Tuesday, December 23, 2008

Impossible task for UN in DR Congo

Impossible task for UN in DR Congo


Congolese army soldiers stand next to a UN Peacekeepers vehicle on the outskirts of Goma
Creating a robust force from the disparate elements of the UN contingent is not proving easy

By David Loyn
International development correspondent, BBC News

The UN peacekeeping force in the Democratic Republic of Congo is already the largest, most expensive and most muscular of its kind anywhere in the world, but its troops have been unable or unwilling to prevent civilians from being killed in the worsening conflict.

It was sent under the UN's strongest possible mandate - Chapter Seven - giving the soldiers in it the right to use "all necessary means" - that is, lethal force, to impose their will.

The call for 3,000 extra troops, made by the UN Secretary General Ban-Ki Moon, comes six weeks after an urgent appeal for that number of troops came from the civilian head of the mission on the ground, Alan Doss.

During that time security became far worse.

Several thousand people have been forced from their homes and from resettlement camps, and many have been killed, including at least 26 earlier this month in Kiwanja.

This incident was called a war crime by UN observers, and yet it happened virtually within sight of a UN military base.

Civilian protection

The force is drawn from 18 nations.
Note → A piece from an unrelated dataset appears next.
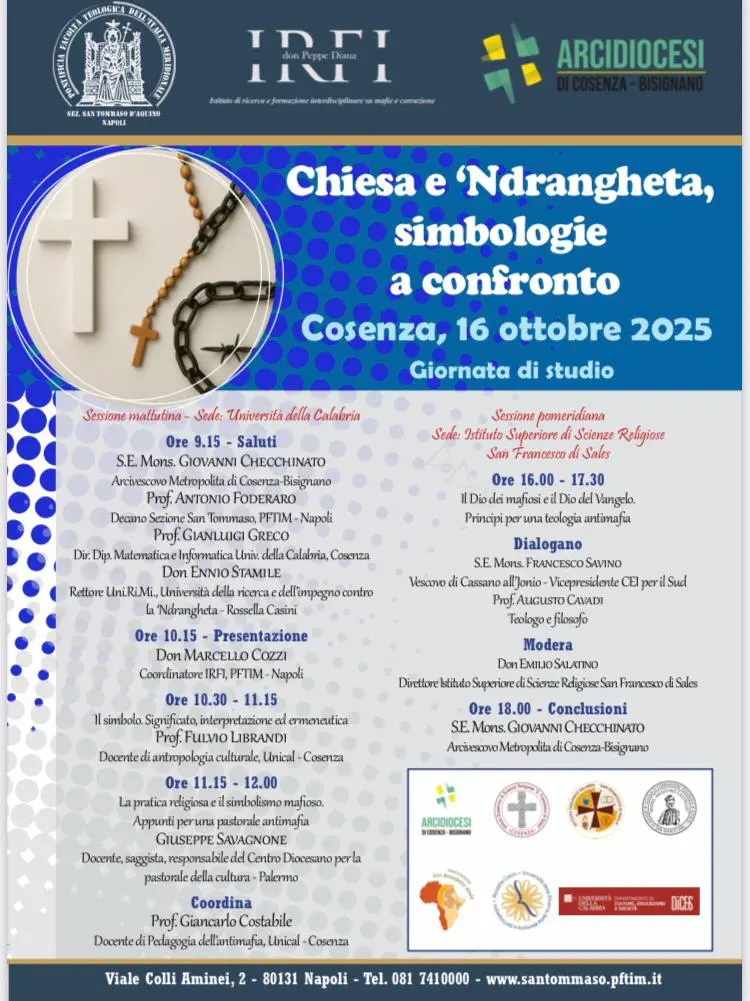 L’Istituto di Ricerca e Formazione Interdisciplinare sulle mafie – don Peppe Diana, attivo presso la sezione San Tommaso della Facoltà Teologica dell’Italia Meridionale di Napoli, promuove per domani (giovedì 16 ottobre), una importante Giornata di studi sul tema “Chiesa e ’Ndrangheta, simbologie a confronto” che si terrà a Cosenza in due sessioni: la mattina (9.15) presso la Sala University Club, Cubo 23/C dell’Università della Calabria e il pomeriggio (16.00) presso la Sala conferenze dell’Istituto Superiore di Scienze Religiose “San Francesco di Sales” a Rende. L’evento è organizzato in collaborazione con l’Arcidiocesi di Cosenza-Bisignano, il Dipartimento di Culture, Educazione e Società dell’Università di Calabria, l’Istituto Superiore di Scienze Religiose di Cosenza, l’Istituto Teologico Calabro di Catanzaro, la Scuola di Formazione Teologica della Diocesi di S. Marco Argentano, l’Uni.Ri.Mi. – Rossella Casini e l’Associazione San Benedetto di Cetraro (Cs).

The largest contingent, more than 4,000 troops, comes from India, one of the more competent armies in the world.

India's South Asian neighbours - Bangladesh, Pakistan and Nepal - are the only other countries with more than 1,000 troops in the UN force.

FORCES AROUND GOMA
Renegate General Laurent Nkunda with rebel troops in the mountains of North Kivu
CNDP: Gen Nkunda's Tutsi rebels - 6,000 fighters
FDLR: Rwandan Hutus - 6,000-7,000
Mai Mai: pro-government militia - 3,500
Monuc: UN peacekeepers - 6,000 in North Kivu, including about 1,000 around Goma (17,000 nationwide)
DRC army - 90,000 (nationwide)
Source: UN, military experts

The contributions from other countries go down to six soldiers from Serbia.

Knitting this disparate group of nations into a force that is robust enough to deal with the challenges of DR Congo has proved a hard task.

Although the UN secretary general has belatedly responded to the request by his representative on the ground to send more, it is hard to see where extra forces would come from.

In August Mr Doss denied suggestions made in an Oxfam report that his forces were not making the protection of civilians their priority.

And he said that there was no inconsistency between this and the efforts of the force to bring an end to the fighting and persuade troops to lay down their arms.

The weakness of the force comes partly from its size - around 16,500 troops - outnumbered 1,000 to 1 by the civilian population in a huge region where roads are poor.

'Doomed to fail'

Opposing it are a bewildering array of rebel forces, driven by ethnic hatred and a desire for a share of the huge mineral wealth available in the region.

The largest rebel forces are much better motivated and equipped than government forces.

The failure of government forces was one of the factors that appears to have been behind the resignation of the Spanish commanding officer of the UN force.

General Vicente Diaz de Villegas pulled out after less than two months in the job just as the fighting intensified late last month.

He has not spoken publicly but sources quoted by a Rwandan newspaper which first reported his resignation say that he believed the UN military mission was ''doomed to fail''.

Supporters of the mission point to its successes until this year, and its successful defence of Goma, a prize that is clearly a target of the rebels.

But the wider aims of the mission, in disarming and re-integrating rebel forces into a joint defence force for the region have been sidelined as the war intensifies.